*** Opening Information supplied ***

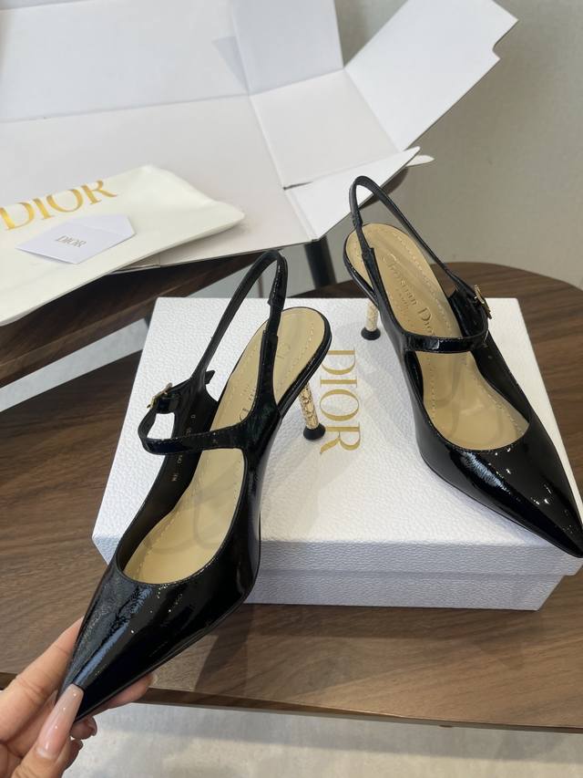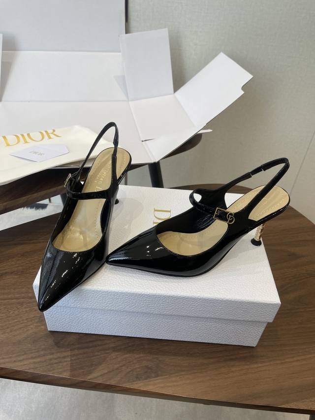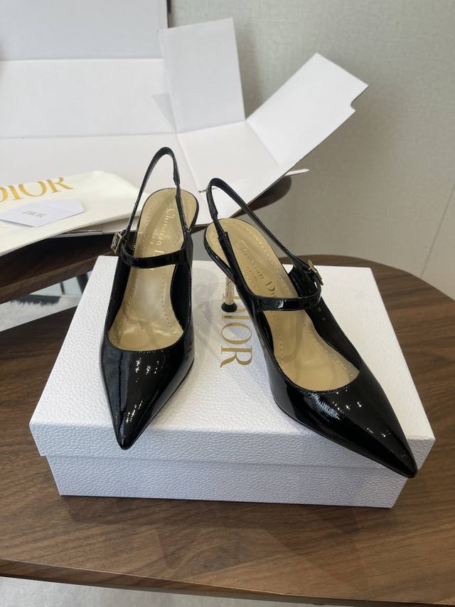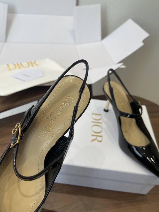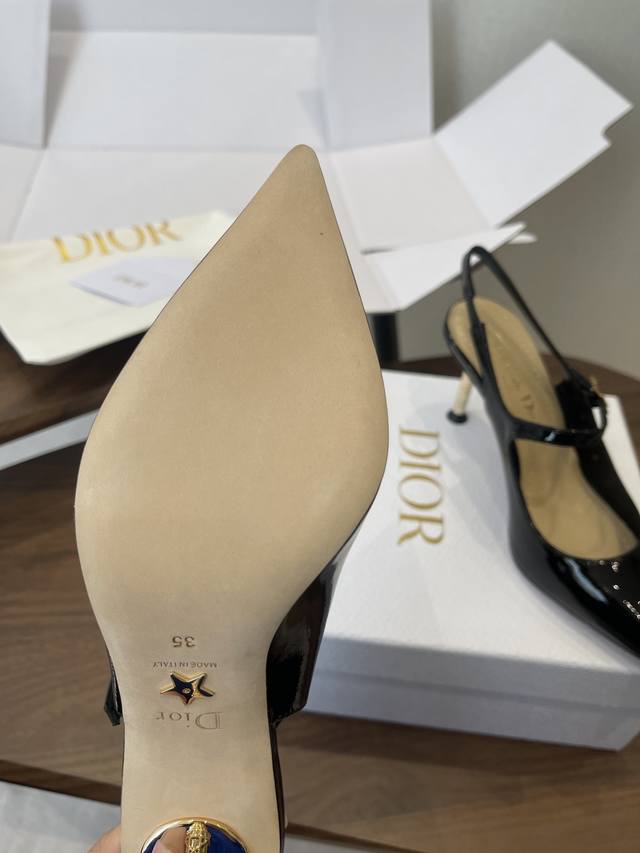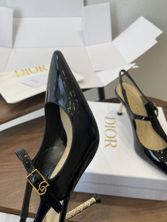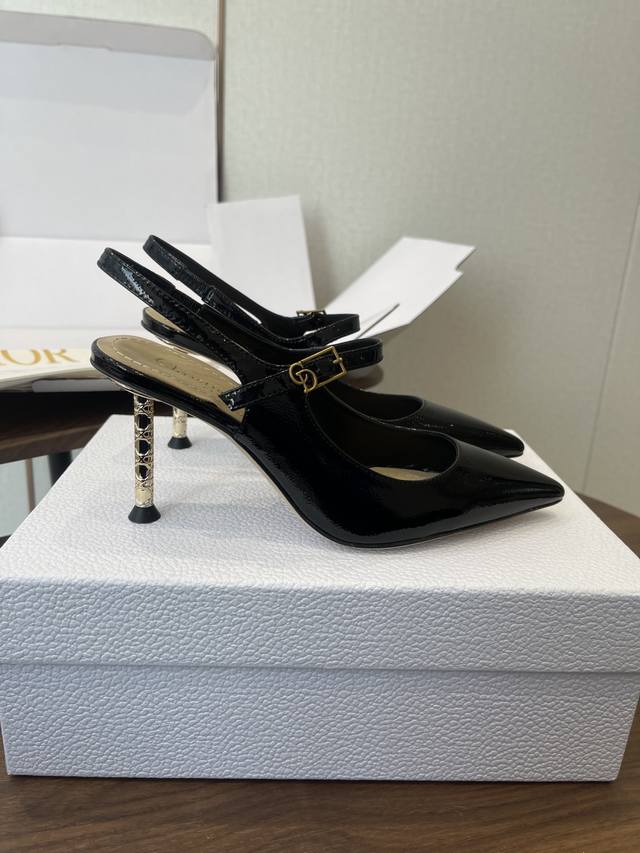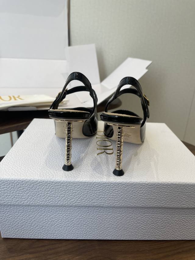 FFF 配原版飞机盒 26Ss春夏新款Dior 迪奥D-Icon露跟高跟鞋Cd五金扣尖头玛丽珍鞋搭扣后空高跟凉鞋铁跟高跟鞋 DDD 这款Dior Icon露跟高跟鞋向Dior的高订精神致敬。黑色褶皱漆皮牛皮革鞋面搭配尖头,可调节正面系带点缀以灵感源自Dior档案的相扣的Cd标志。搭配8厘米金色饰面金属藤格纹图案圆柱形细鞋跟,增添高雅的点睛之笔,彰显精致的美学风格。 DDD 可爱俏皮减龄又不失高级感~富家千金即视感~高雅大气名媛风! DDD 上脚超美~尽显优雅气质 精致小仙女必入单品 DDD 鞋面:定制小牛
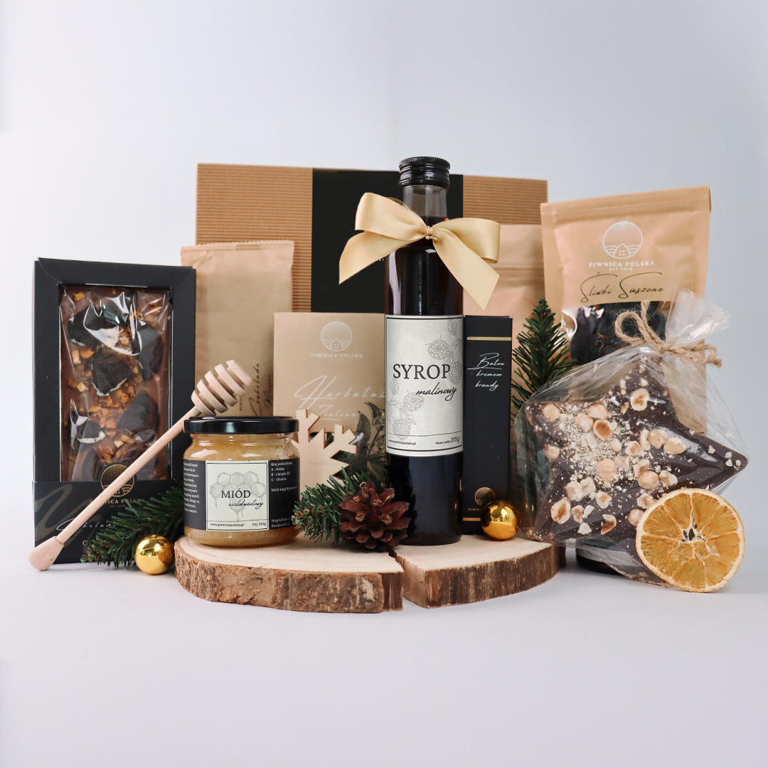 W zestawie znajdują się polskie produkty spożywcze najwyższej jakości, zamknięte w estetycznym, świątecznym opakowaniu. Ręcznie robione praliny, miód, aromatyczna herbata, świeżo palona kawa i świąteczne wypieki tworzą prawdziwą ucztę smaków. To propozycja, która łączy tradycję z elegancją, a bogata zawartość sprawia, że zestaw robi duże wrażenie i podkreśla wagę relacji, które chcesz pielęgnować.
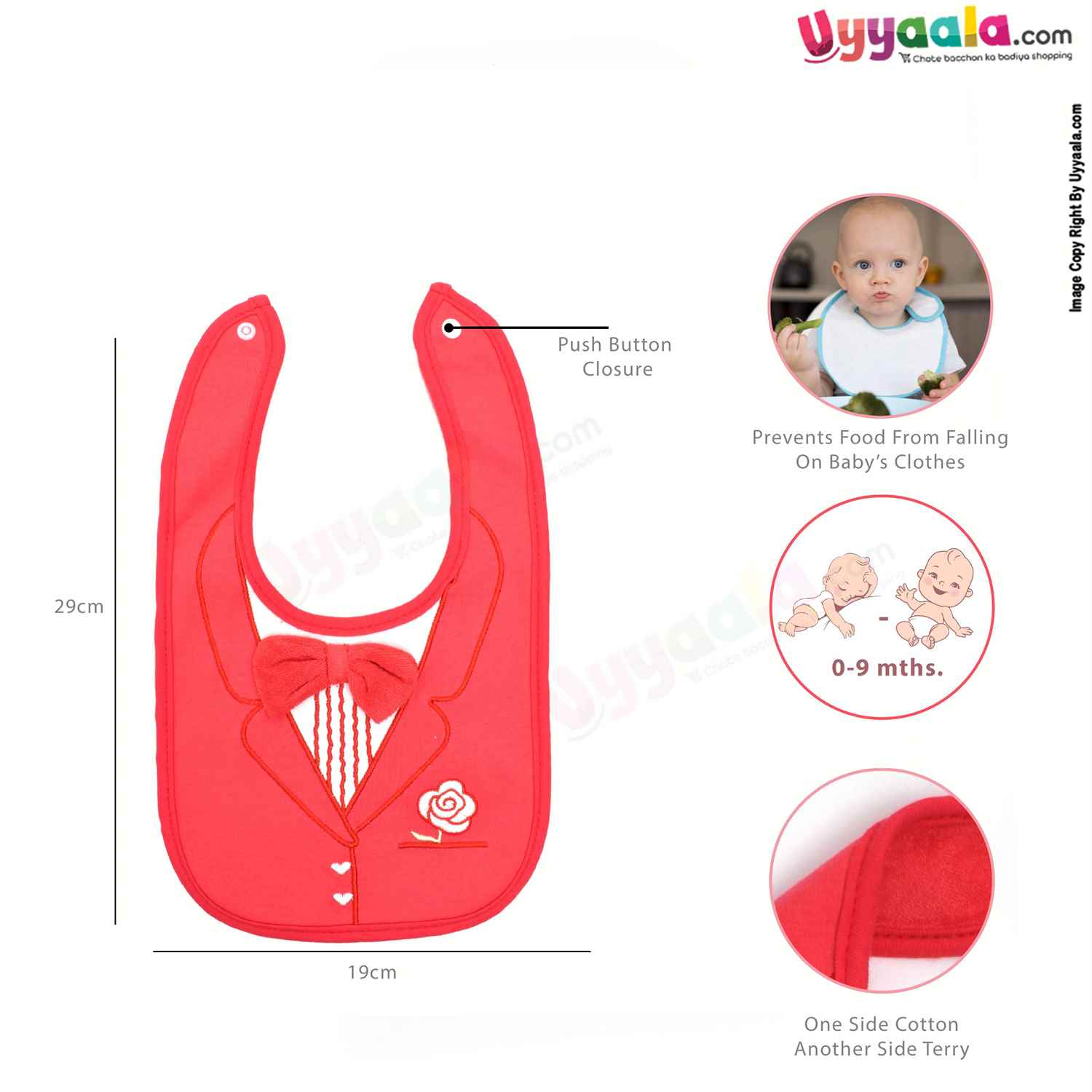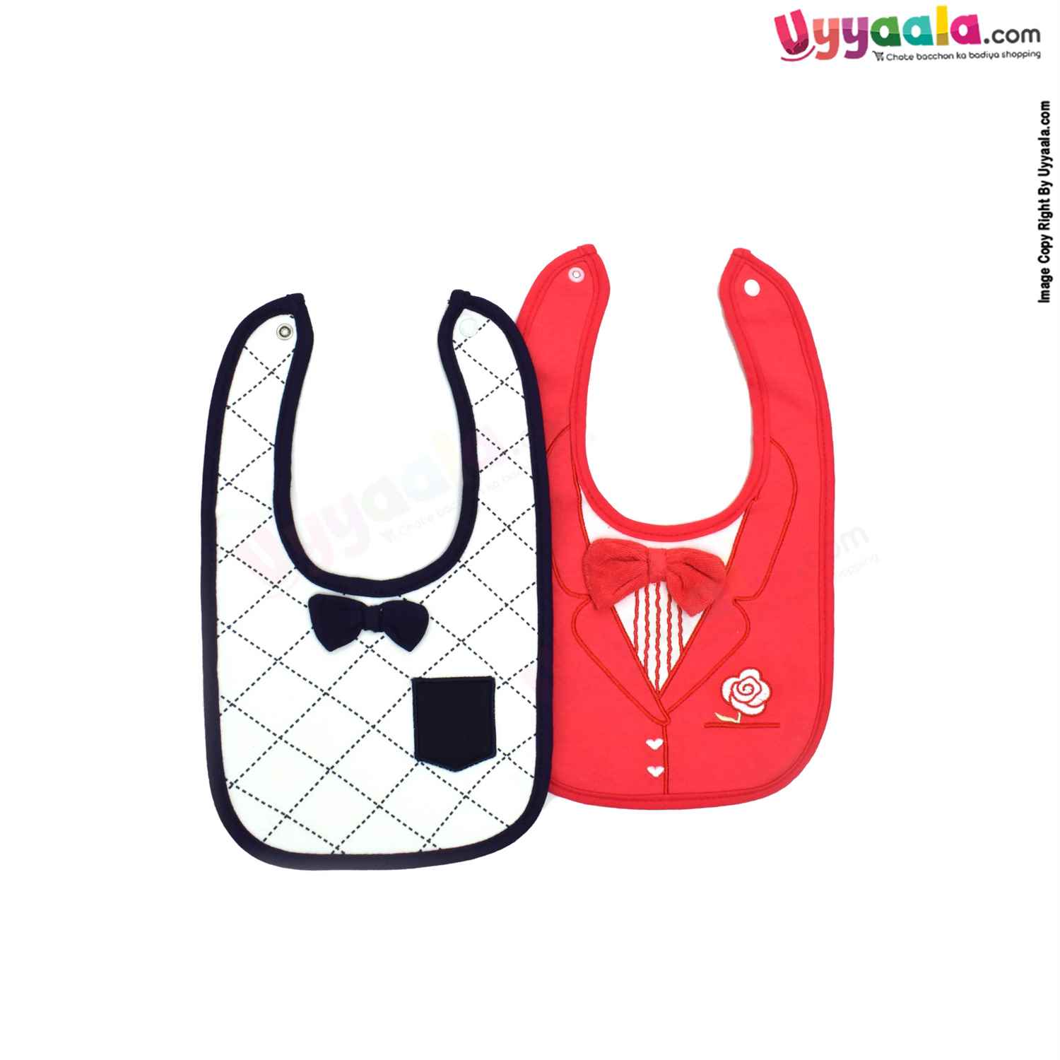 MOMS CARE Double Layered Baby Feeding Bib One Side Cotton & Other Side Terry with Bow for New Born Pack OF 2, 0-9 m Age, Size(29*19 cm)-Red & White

*** Closing Information supplied ***

_Exercise_
Write out the data above exactly as it appears, but without any image.

_Exercise solution_
 FFF 配原版飞机盒 26Ss春夏新款Dior 迪奥D-Icon露跟高跟鞋Cd五金扣尖头玛丽珍鞋搭扣后空高跟凉鞋铁跟高跟鞋 DDD 这款Dior Icon露跟高跟鞋向Dior的高订精神致敬。黑色褶皱漆皮牛皮革鞋面搭配尖头,可调节正面系带点缀以灵感源自Dior档案的相扣的Cd标志。搭配8厘米金色饰面金属藤格纹图案圆柱形细鞋跟,增添高雅的点睛之笔,彰显精致的美学风格。 DDD 可爱俏皮减龄又不失高级感~富家千金即视感~高雅大气名媛风! DDD 上脚超美~尽显优雅气质 精致小仙女必入单品 DDD 鞋面:定制小牛
 W zestawie znajdują się polskie produkty spożywcze najwyższej jakości, zamknięte w estetycznym, świątecznym opakowaniu. Ręcznie robione praliny, miód, aromatyczna herbata, świeżo palona kawa i świąteczne wypieki tworzą prawdziwą ucztę smaków. To propozycja, która łączy tradycję z elegancją, a bogata zawartość sprawia, że zestaw robi duże wrażenie i podkreśla wagę relacji, które chcesz pielęgnować.
 MOMS CARE Double Layered Baby Feeding Bib One Side Cotton & Other Side Terry with Bow for New Born Pack OF 2, 0-9 m Age, Size(29*19 cm)-Red & White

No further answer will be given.